Published in final edited form as: Prog Nucl Magn Reson Spectrosc. 2010 May 12;57(2):159–180. doi: 10.1016/j.pnmrs.2010.04.004

Fig. 6.

Fig. 6

Deuterium NMR spectroscopy of the retinal chromophore in rhodopsin. Retinals containing deuterated methyl groups attached to the C5, C9 and C13 carbons were regenerated into rhodopsin. The rhodopsin was reconstituted into POPC bilayers, which were oriented relative to the external magnetic field by ultracentrifugation onto ultrathin glass slides. (a) Experimental and simulated deuterium line shapes are shown for the C18, C19 and C20 methyl groups. The line shapes are sensitive to the orientations of the C5-CD3, C9-CD3 and C13-CD3 bonds relative to the external magnetic field. (b) The C5-CD3, C9-CD3 and C13-CD3 bond orientations can be used to orient specific regions of the retinal chromophore.

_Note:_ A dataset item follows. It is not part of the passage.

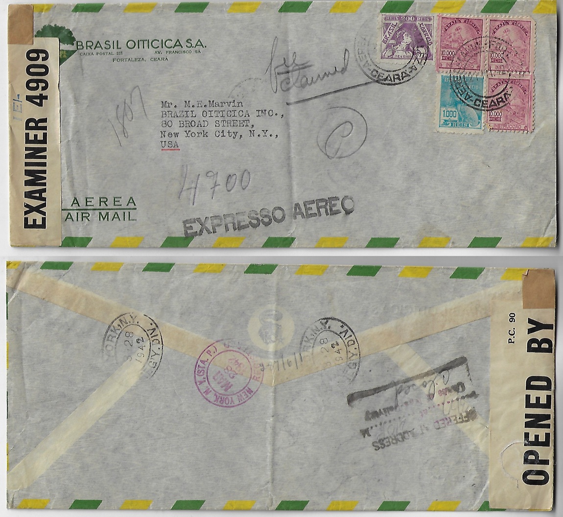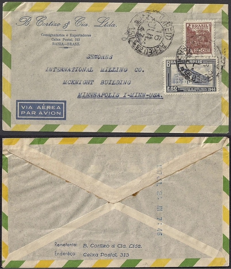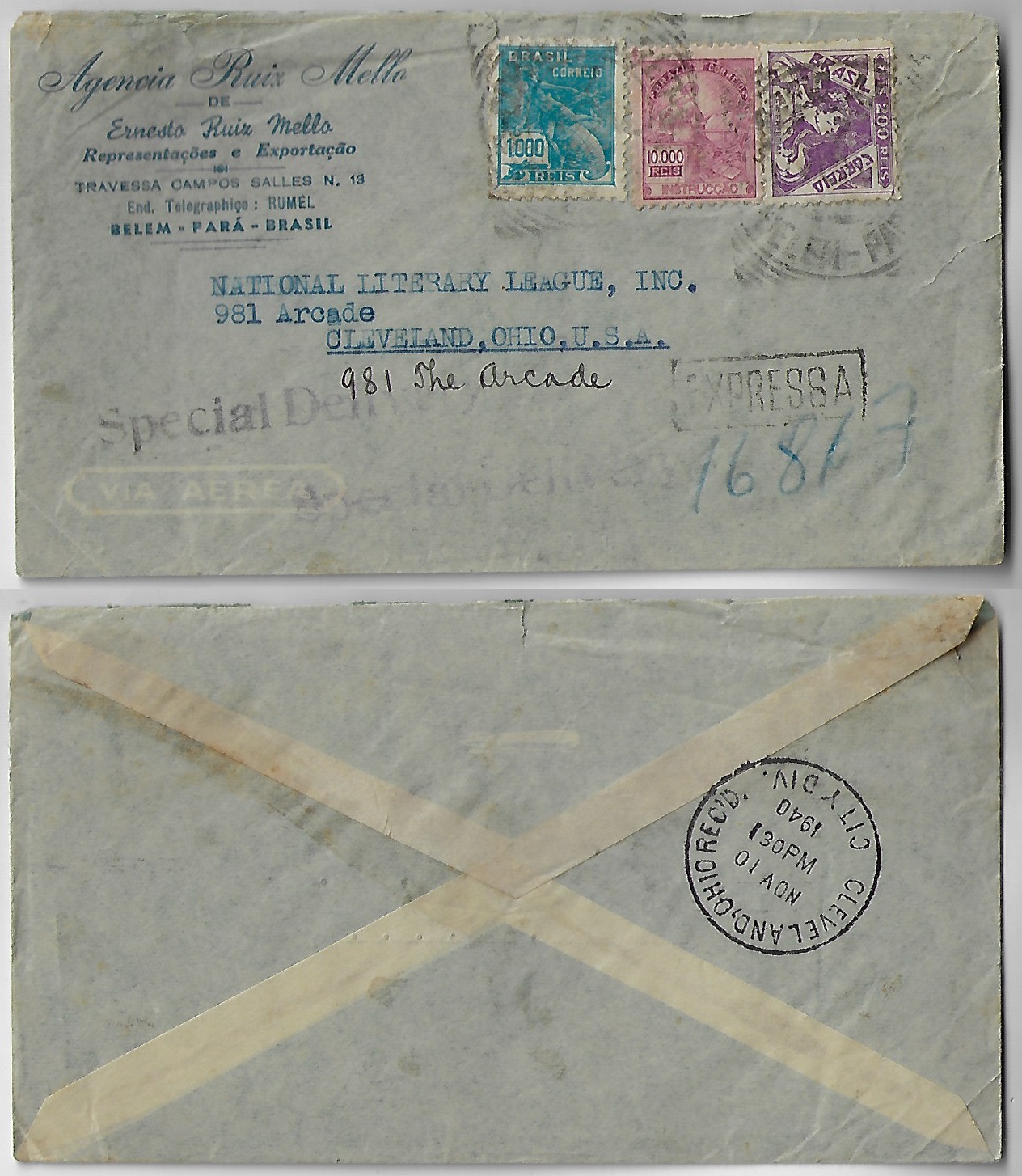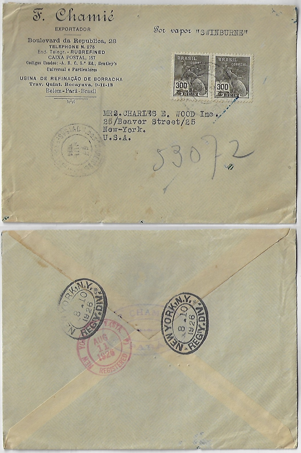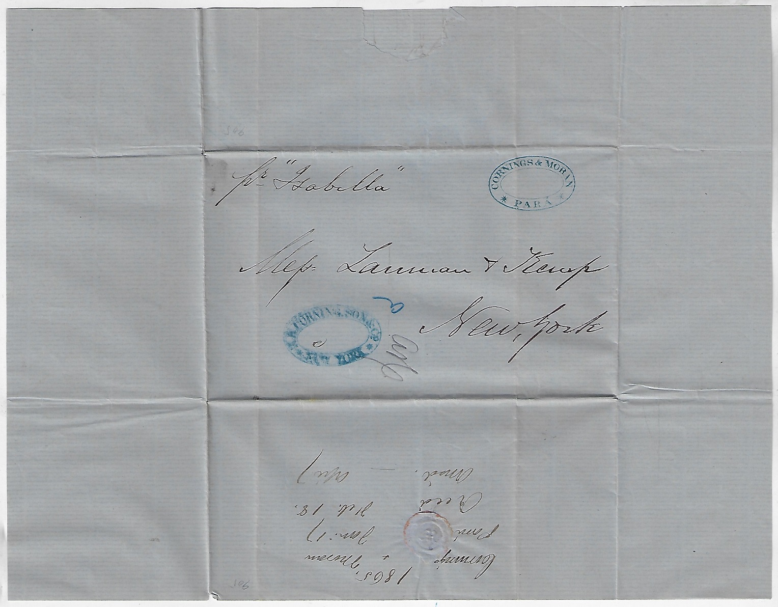 | 83204 | 1865, sobrecarta completa do Pará (17/1) para New York (18/2), com indicação manuscrista de ter sido transportada pelo vapor Isabella, carimbo da empresa "Cornings & Moran" e "Hanson K. Corning, Son & Co" | 107,00 | Foto |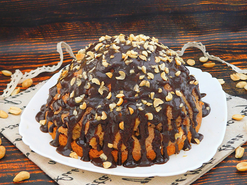 7. За кілька годин до подачі дістати торт, щоб він встиг зігрітися і трохи розм’якшити. Полити розтопленим шоколадом ( 50 м темного шоколаду розтопити на водяній бані і додати пару столових ложок молока ). Прикрасити за бажанням. Торт “Їжа богів” виходить м’яким і дуже смачним.

In these studies, the retinal is divided into three planes containing the β-ionone ring, the polyene chain from C6–C12 and the polyene chain from C13 to the Nε-Lys single bond. Each plane contains one of the deuterated methyl groups. (c) The individual planes are assembled to form a twisted retinal chromophore by allowing rotation about the C5=C6–C7=C8 and C11=C12-C13=C14 torsional angles. The figure is adapted from Ref. [172] with permission from the American Chemical Society.